I choose discipline…this week anyway

We must all suffer from one of two pains: the pain of discipline or the pain of regret. The difference is discipline weighs ounces while regret weighs tons.
       –Jim Rohn

So, I’ve been suffering the pain of discipline lately–back working on the edit-from-hell. Sorry haven’t posted here much. Apparently there are only so many useful words in my brain at one time, and I’ve had to use all the good ones working on my novel. All I have left for this blog are goofy ones like…scuttlebutt or blanche or twaddle.

Christmas was nice around here…nice and quiet. Maybe too quiet? I don’t know. Why is it that I really love having a quiet holiday, but then when it’s over it seems like it didn’t really happen? I don’t think I miss the chaos of a relatives-in-town mixed with small-loud-children but I almost miss the feeling of relief when things quieted back down. Maybe I need some chaos to really relish the calm. Or maybe I’ve lost my mind. You decide.

And while you’re making that decision…answer this question:

5 thoughts on “I choose discipline…this week anyway

  1. I don’t understand why you’re having so much trouble. I have had 3 whole weeks of all the time in the world all to myself, and I’ve accomplished so much diddly-squat. (I don’t seem to have any idea where comma’s go these days, I just, stick them in, anywhere. And I can’t remember if anywhere is supposed to be two words “any where”. Is this what happens when we hit 50? We lose all sense of grammar? I need a new copy of Martin, Strunk and White. Am I rambling? This comment has no discipline. LOL

    • Hahahaha–I was wondering the same thing when I read your previous comment. Who the hell is Martin? I think you need to go lie down for a few minutes or something. Ha!

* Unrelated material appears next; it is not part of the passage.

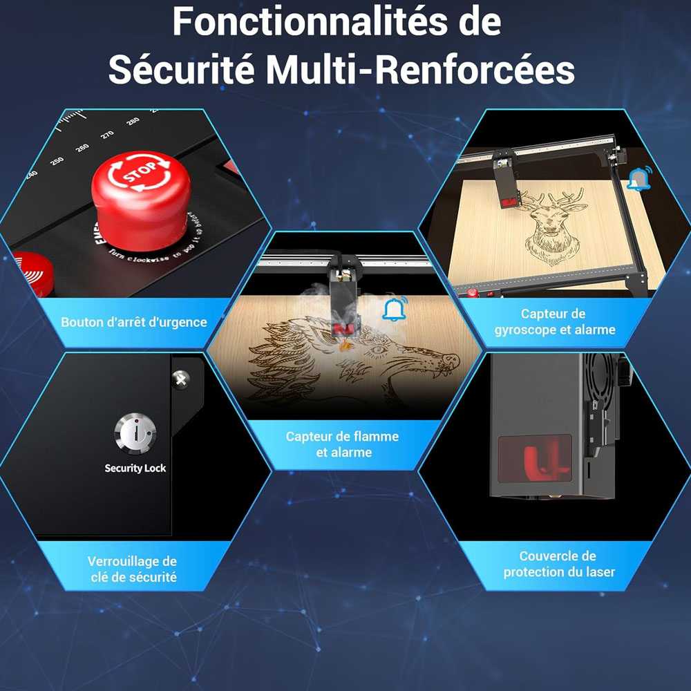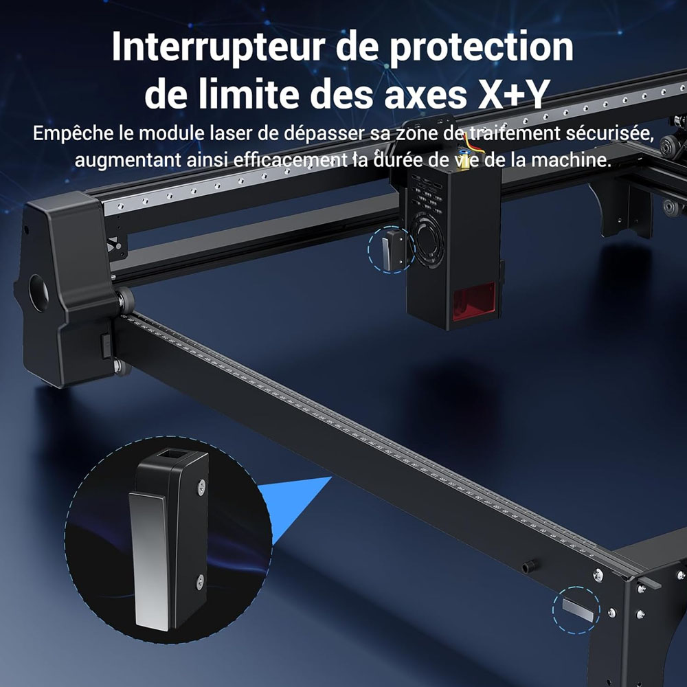 A Mecpow szerencsére nem vette félvállról a biztonsági oldalt. Az X5 Pro kapott biztonsági zárat, vészleállítót, lángérzékelőt, dőlésriasztást, végálláskapcsolókat és szemvédővel ellátott lézerfejet. Ez együtt már egy olyan csomag, amit jó látni egy ekkora teljesítményű nyitott rendszernél.

  2. A certain amount of hubbub is nice for the holidays, I admit. I don’t want too much, but some is good. Now that I have loud small people living in my house, I feel no need to go anywhere or see anyone else, as they meet my hubbub needs quite well. But before they were around, I felt the need to visit with friends or family, and I suspect I will again once they’re…gone. No, I can’t even think about that right now!

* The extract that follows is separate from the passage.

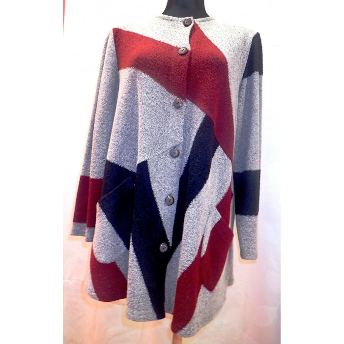 Béžovo-bordový kabátik. Jemne nopková pletenina.

    As for New Year’s Eve, not much doing here. I’ve been writing quite a bit, and I’ve also been doing some house repair work for a friend of a friend. That’s been plenty!

    Happy New Year!

    • Happy New Years right back atcha my friend! This is the year I’m going to finish this dumb book and start on another one… I really need to trade the drudgery of editing for the terror of first-drafting. It’s TIME, damn it!!